There are several ratios used to measure a firm's efficiency. These include:

  1. Inventory Turnover Ratio: This ratio measures how many times a company has sold and replaced inventory during a certain period. A higher turnover ratio indicates greater efficiency as it shows that the company's sales are more than its inventory.

  2. Asset Turnover Ratio: This ratio measures a company's ability to generate sales from its assets. A higher ratio indicates that the company is using its assets efficiently to generate sales.

  3. Accounts Receivable Turnover Ratio: This ratio measures how efficiently a company uses its assets. A high ratio indicates that the company collects its credit sales quickly, which is a sign of efficiency.

  4. Operating Margin Ratio: This ratio measures how much profit a company makes on a dollar of sales, after paying for variable costs of production, but before paying interest or tax. It is a good indicator of the company's operational efficiency.

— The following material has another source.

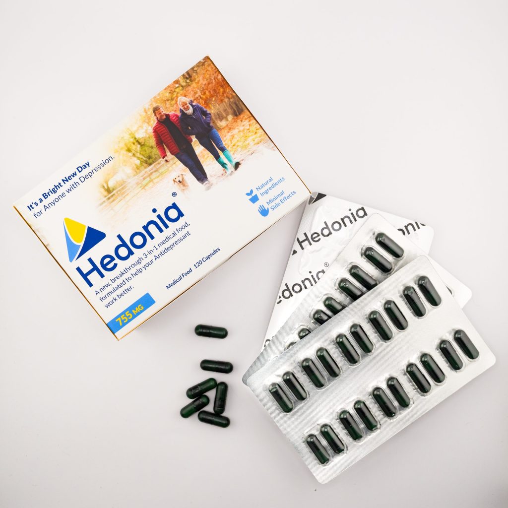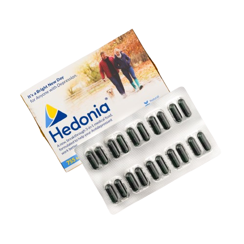 Pioneering depression management without a prescription. Hedonia uses the highest quality Pharmaceutical Grade ingredients available, setting a new standard as the only 3-in-1 patented Medical Food for people who suffer from depression.

  5. Return on Assets (ROA): This ratio indicates how profitable a company is relative to its total assets. The higher the ROA, the better, as it indicates that the company is earning more money on less investment.

  6. Return on Equity (ROE): This ratio measures a corporation's profitability by revealing how much profit a company generates with the money shareholders have invested. A high ROE indicates that the company is efficient at generating profits.

Remember, these ratios should be used in conjunction with other financial analysis tools for a comprehensive view of a company's performance.